Content starts

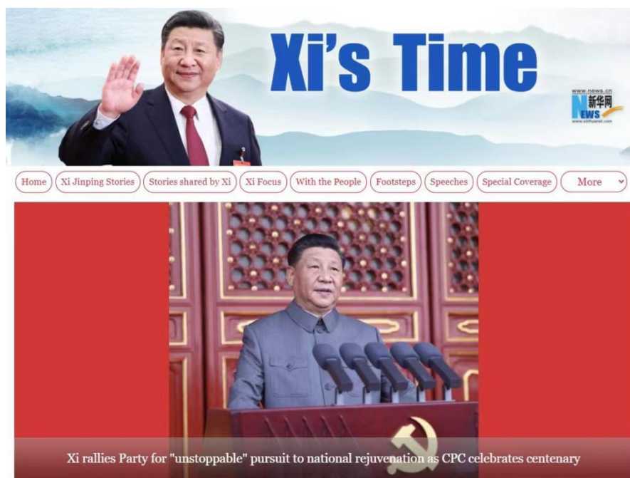
图：《习近平时间》英文专题页面截图
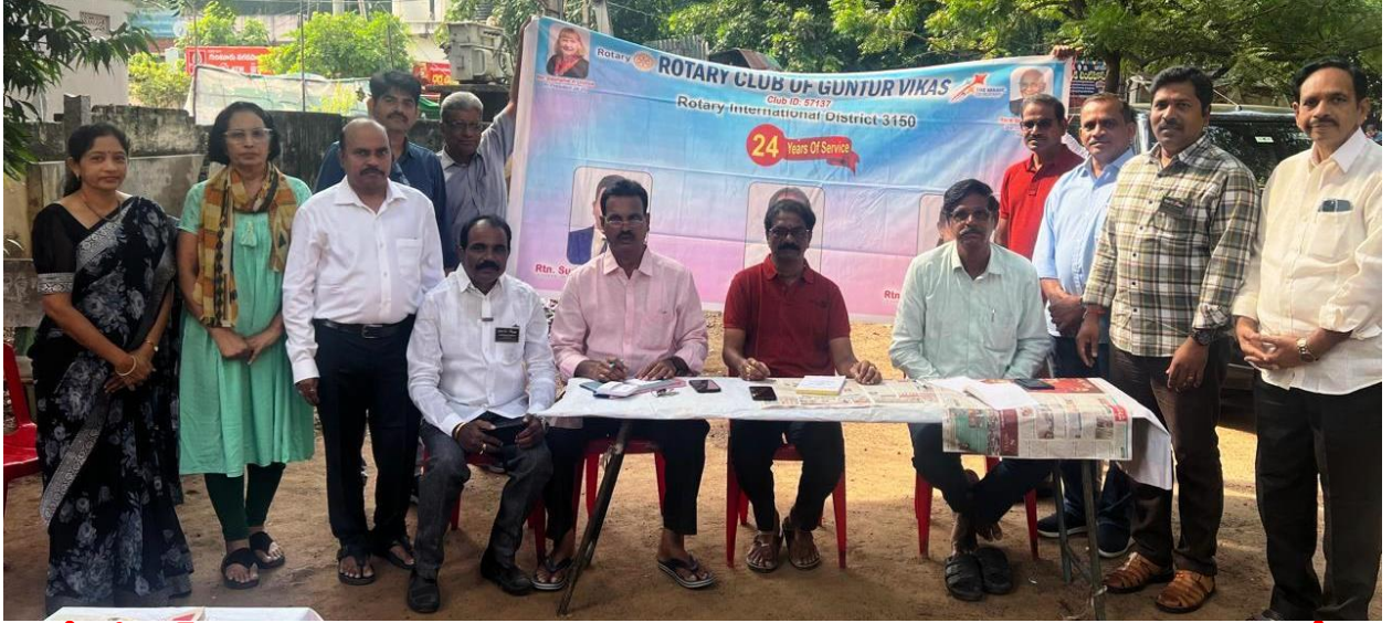
రోటరీ క్లబ్ ఆఫ్ గుంటూరు వికాస్, శంకర్ కంటి ఆసుపత్రి వైద్య నిపుణుల సహకారంతో, కొరెటిపాడు ఆర్.సీ.ఎం. అప్పర్ ప్రైమరీ స్కూల్ ఆవరణలో, 27.10.2024 ఆదివారం నాడు ఉచిత కంటి చికిత్సా శిబిరం నిర్వహించారు
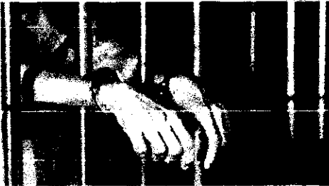
Homem está recolhido na Unidade Penal Regional de Gurupi

A Polícia Civil cumpriu, na manhã desta segunda-feira (15), mandado de prisão preventiva contra um homem de 34 anos que era foragido do Estado de Goiás pelo crime de homicídio.
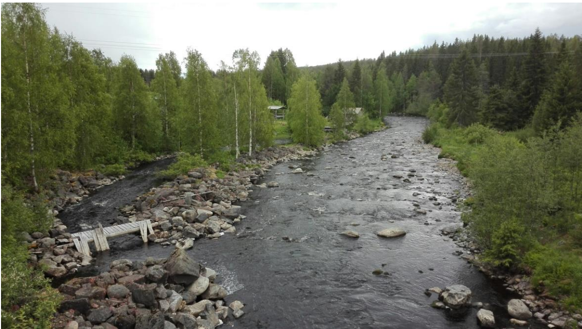
KUVIO 3. Karppalan myllyn koskinäkymä maantiesillalta. Valokuva Liisa Misikangas 2018.

Opasteet tulotielä, lähiparkkipaikka ja nuotiopaikka mainittiin useimmin myllyn käytön edellytyksistä. Esteetön kulku mainittiin vain Paltamon Rinteen myllyyn ja Puolangan Paasikosken myllyyn vastaajien näkemyksissä. Esteetön koskinäkymä (Kuvio 3) toteutui Ristijärven Karppalan ja Hyrynsalmen Komulan myllyllä. Vastaajien mukaan useilla myllyillä oli mahdollisuus kalastukseen ja virkistäytymiseen retkeilyreitillä. Myllärintuvan vuokraus oli mahdollista yhdellä kohteella.
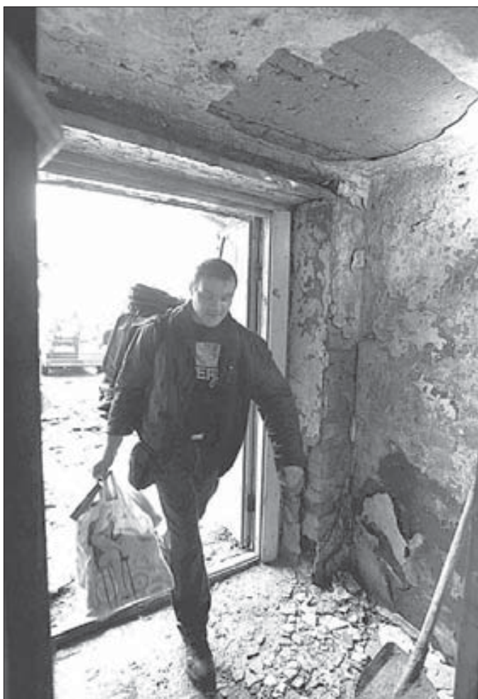
Дождь иногда продолжается и в подвале
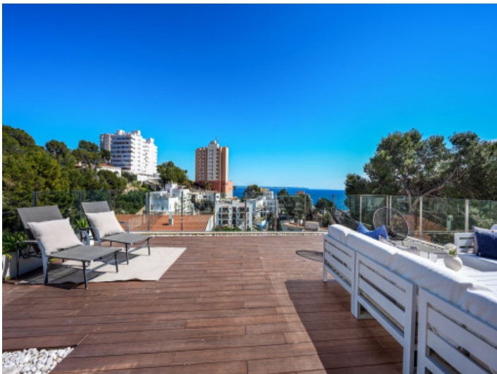
Großzügige Dachterrasse mit Meerblick
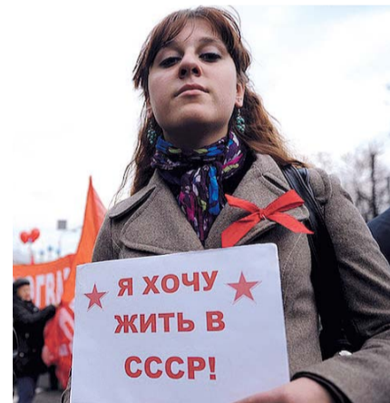
НА ФОТО: ЛЮДИ ГОРДЯТСЯ ДОСТИЖЕНИЯМИ СОВЕТСКОГО ПЕРИОДА

При этом на вопрос о том, какие события и явления в отечественной истории вызывают чувство стыда, 54% от-
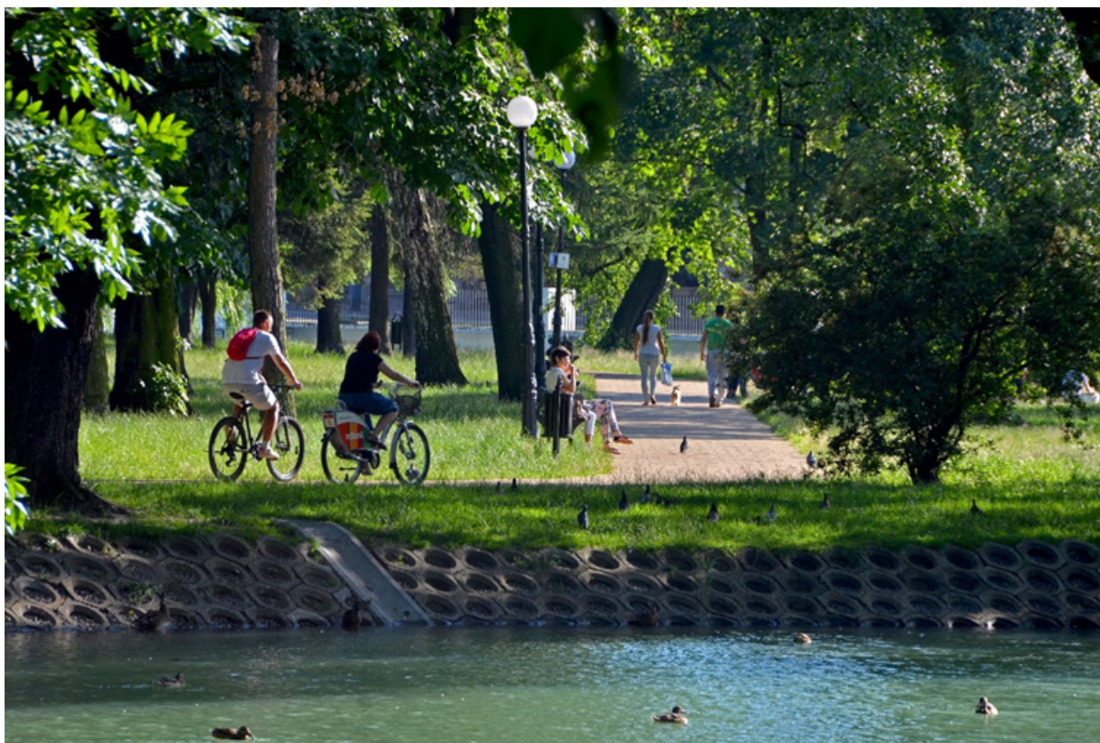
Nad wodą... - Park im. Władysława Stanisława Reymonta
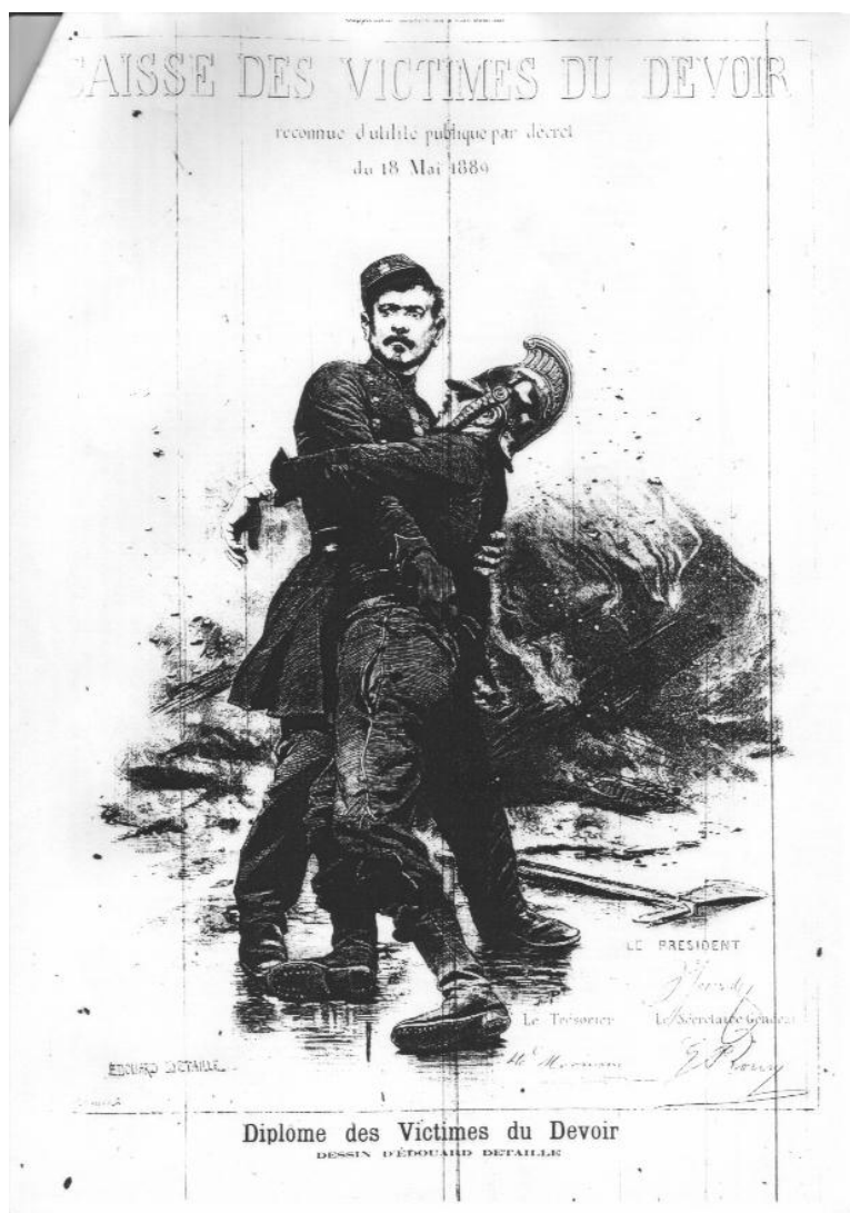
Illustration 1, tirée du Supplément Illustré du Petit Journal du 01 mai 1894
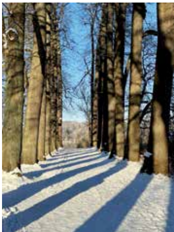
Lindenallee im Schlossgarten.

Eutin. (mh) Den winterlichen – wenn auch nicht unbedingt verschneiten – Schlossgarten bei einem Spaziergang entdecken, können Interessierte am Samstag, 27. Januar mit dem erfahrenen
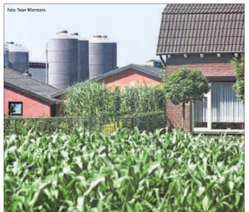
Bij aanvragen van vergunningen voor uitbreiding van bedrijven worden geregeld problemen gesignaleerd in verband met geurhinder.

Elke inrichting die in Vlaanderen potentieel hinderlijk of risicovol is, is ingedeeld in het 'Vlaams reglement betreffende de milieuvergunning', kortweg Vlarem. Landbouwbedrijven staan op de lijst van potentieel hinderlijke inrichtingen. Het kabinet van minister Schauvliege maakte in december een inventaris van de Vlaremknelpunten. Het Hoofdbestuur stelde een lijst op van problemen die zich voordoen in de landbouwbedrijfsvoering. Deze lijst werd overgemaakt aan het kabinet Leefmilieu.

Content ends

▸ YOUR TASK:
Answer with a single number: the count of lines above that contain the string "Schlossgarten".

▸ ANSWER:
2